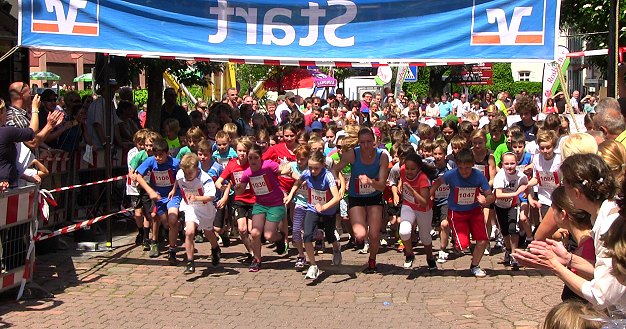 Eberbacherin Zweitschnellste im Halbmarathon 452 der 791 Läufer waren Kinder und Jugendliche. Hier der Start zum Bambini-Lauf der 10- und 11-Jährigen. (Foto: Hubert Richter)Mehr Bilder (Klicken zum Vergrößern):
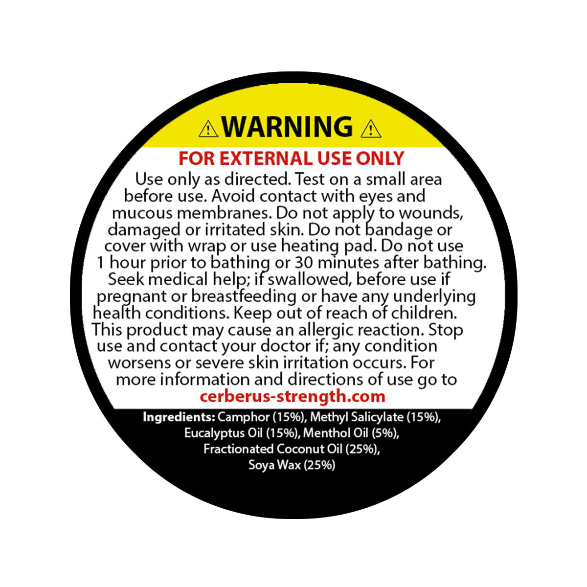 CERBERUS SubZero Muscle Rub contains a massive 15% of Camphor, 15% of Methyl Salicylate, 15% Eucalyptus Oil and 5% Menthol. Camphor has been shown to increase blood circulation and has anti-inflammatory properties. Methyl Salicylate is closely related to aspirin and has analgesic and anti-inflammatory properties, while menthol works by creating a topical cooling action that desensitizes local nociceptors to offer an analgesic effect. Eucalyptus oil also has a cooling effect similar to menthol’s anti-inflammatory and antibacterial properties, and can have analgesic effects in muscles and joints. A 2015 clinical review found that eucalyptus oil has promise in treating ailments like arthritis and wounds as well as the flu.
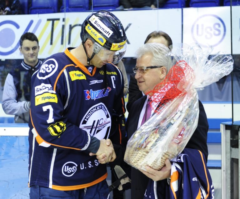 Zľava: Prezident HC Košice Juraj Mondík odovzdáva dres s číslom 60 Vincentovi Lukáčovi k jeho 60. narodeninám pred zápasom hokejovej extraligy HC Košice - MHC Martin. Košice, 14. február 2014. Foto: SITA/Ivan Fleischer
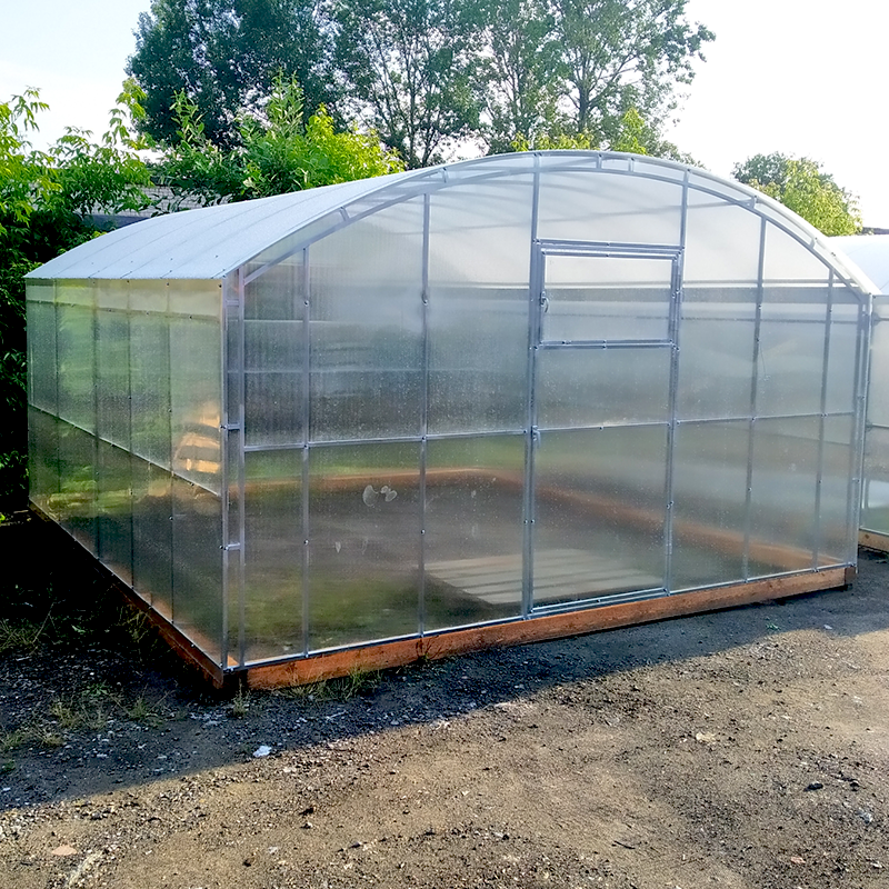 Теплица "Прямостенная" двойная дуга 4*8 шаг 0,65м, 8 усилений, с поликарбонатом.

-*-

Copy out all the data exactly; skip the pictures.

 Eberbacherin Zweitschnellste im Halbmarathon 452 der 791 Läufer waren Kinder und Jugendliche. Hier der Start zum Bambini-Lauf der 10- und 11-Jährigen. (Foto: Hubert Richter)Mehr Bilder (Klicken zum Vergrößern):
 CERBERUS SubZero Muscle Rub contains a massive 15% of Camphor, 15% of Methyl Salicylate, 15% Eucalyptus Oil and 5% Menthol. Camphor has been shown to increase blood circulation and has anti-inflammatory properties. Methyl Salicylate is closely related to aspirin and has analgesic and anti-inflammatory properties, while menthol works by creating a topical cooling action that desensitizes local nociceptors to offer an analgesic effect. Eucalyptus oil also has a cooling effect similar to menthol’s anti-inflammatory and antibacterial properties, and can have analgesic effects in muscles and joints. A 2015 clinical review found that eucalyptus oil has promise in treating ailments like arthritis and wounds as well as the flu.
 Zľava: Prezident HC Košice Juraj Mondík odovzdáva dres s číslom 60 Vincentovi Lukáčovi k jeho 60. narodeninám pred zápasom hokejovej extraligy HC Košice - MHC Martin. Košice, 14. február 2014. Foto: SITA/Ivan Fleischer
 Теплица "Прямостенная" двойная дуга 4*8 шаг 0,65м, 8 усилений, с поликарбонатом.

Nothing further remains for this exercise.